• AVAILABLE DATA
★ ★ ★ ★ ★
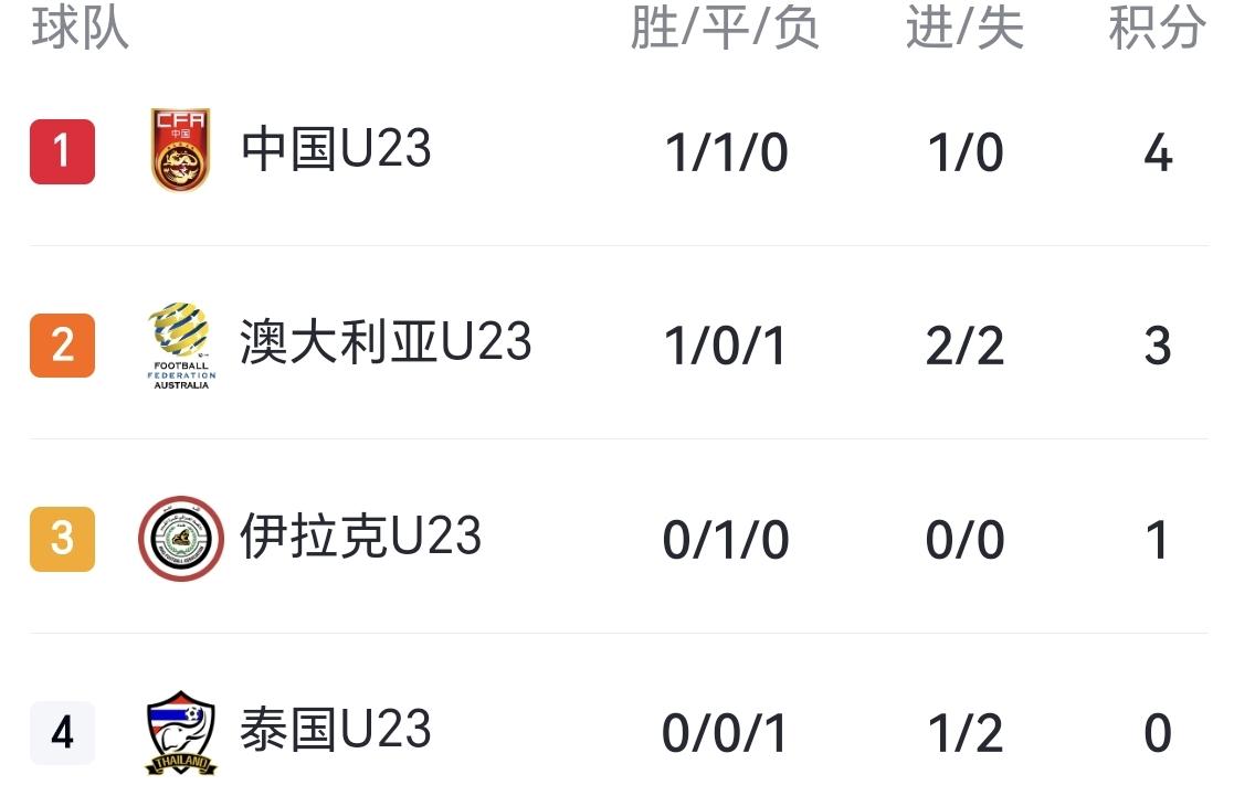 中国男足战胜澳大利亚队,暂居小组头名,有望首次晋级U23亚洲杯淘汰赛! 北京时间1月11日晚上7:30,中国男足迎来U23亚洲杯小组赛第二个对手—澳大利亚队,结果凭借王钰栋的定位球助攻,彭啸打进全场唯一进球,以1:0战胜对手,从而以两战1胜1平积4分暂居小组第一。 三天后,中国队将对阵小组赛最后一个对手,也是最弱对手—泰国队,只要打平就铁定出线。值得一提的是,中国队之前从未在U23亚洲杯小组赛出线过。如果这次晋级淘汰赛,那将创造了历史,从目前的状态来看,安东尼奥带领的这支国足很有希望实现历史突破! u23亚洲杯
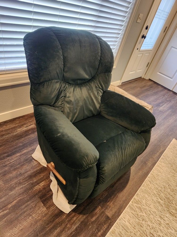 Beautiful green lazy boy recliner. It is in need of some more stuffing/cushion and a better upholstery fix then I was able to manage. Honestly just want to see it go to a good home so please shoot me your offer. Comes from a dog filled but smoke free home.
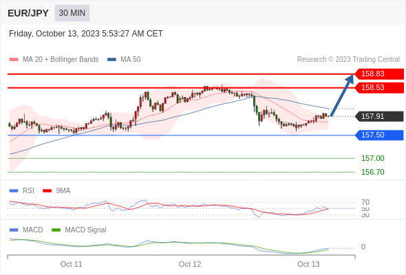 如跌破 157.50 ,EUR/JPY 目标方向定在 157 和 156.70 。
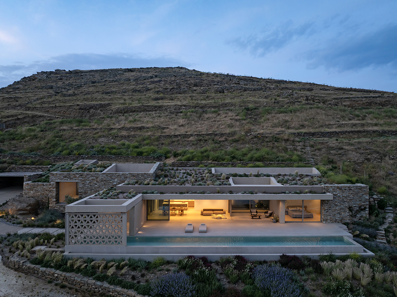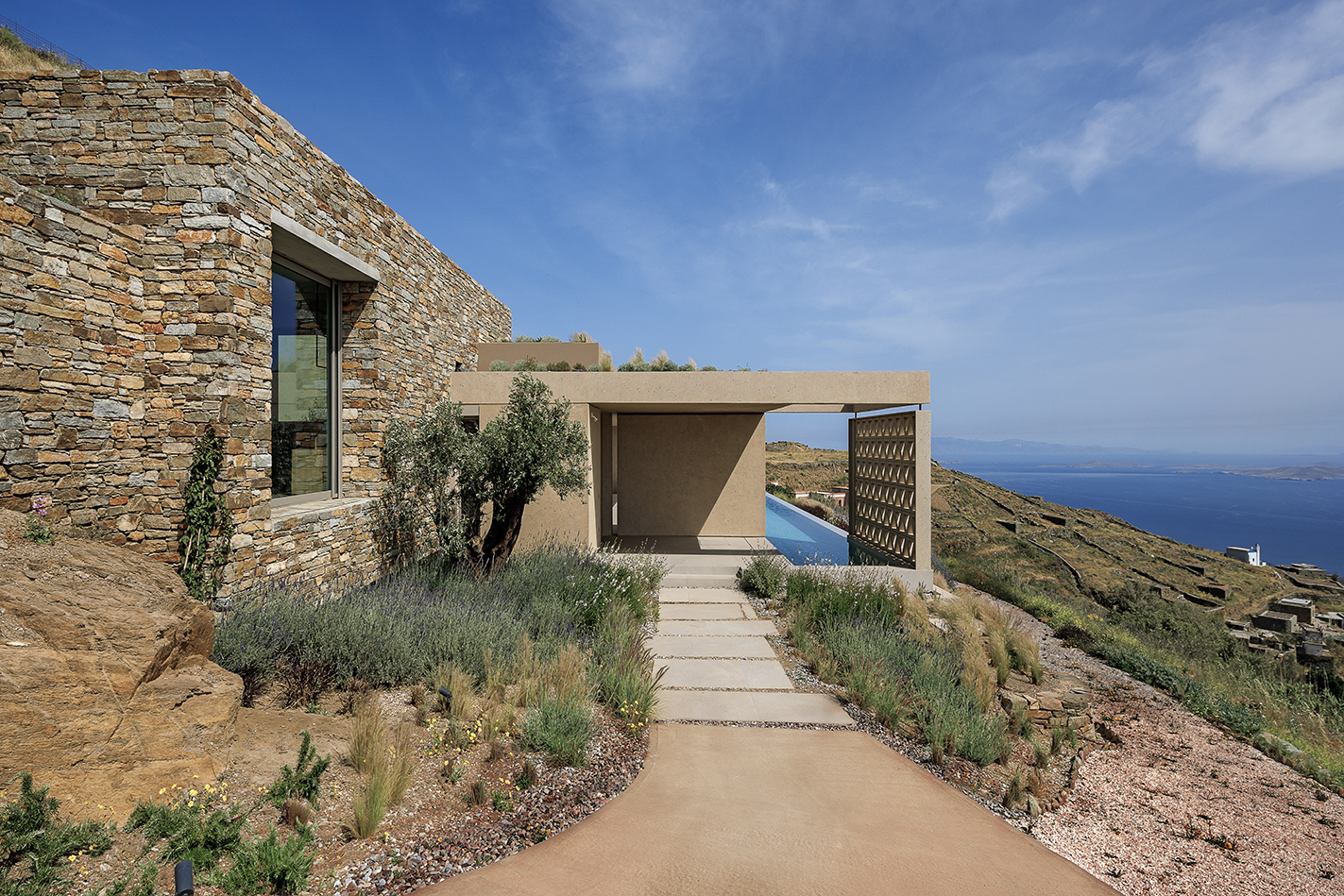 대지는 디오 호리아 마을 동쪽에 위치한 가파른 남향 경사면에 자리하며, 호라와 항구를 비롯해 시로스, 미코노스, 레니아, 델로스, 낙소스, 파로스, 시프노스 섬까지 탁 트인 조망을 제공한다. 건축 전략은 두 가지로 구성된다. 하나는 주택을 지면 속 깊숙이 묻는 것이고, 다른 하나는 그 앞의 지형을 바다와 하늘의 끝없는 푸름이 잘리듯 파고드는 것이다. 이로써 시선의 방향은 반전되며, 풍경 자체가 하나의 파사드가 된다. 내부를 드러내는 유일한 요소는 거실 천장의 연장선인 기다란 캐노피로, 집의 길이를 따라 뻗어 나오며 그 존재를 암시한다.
★ ★ ★ ★ ★
• THE PROBLEM
Retyping is limited to the line with "如跌破 157.50 ,EUR/JPY 目标方向定在 157 和 156.70 。" and the lines after it in the material above; give them exactly and leave out the pictures.

• THE COMPLETED TASK
 如跌破 157.50 ,EUR/JPY 目标方向定在 157 和 156.70 。
 대지는 디오 호리아 마을 동쪽에 위치한 가파른 남향 경사면에 자리하며, 호라와 항구를 비롯해 시로스, 미코노스, 레니아, 델로스, 낙소스, 파로스, 시프노스 섬까지 탁 트인 조망을 제공한다. 건축 전략은 두 가지로 구성된다. 하나는 주택을 지면 속 깊숙이 묻는 것이고, 다른 하나는 그 앞의 지형을 바다와 하늘의 끝없는 푸름이 잘리듯 파고드는 것이다. 이로써 시선의 방향은 반전되며, 풍경 자체가 하나의 파사드가 된다. 내부를 드러내는 유일한 요소는 거실 천장의 연장선인 기다란 캐노피로, 집의 길이를 따라 뻗어 나오며 그 존재를 암시한다.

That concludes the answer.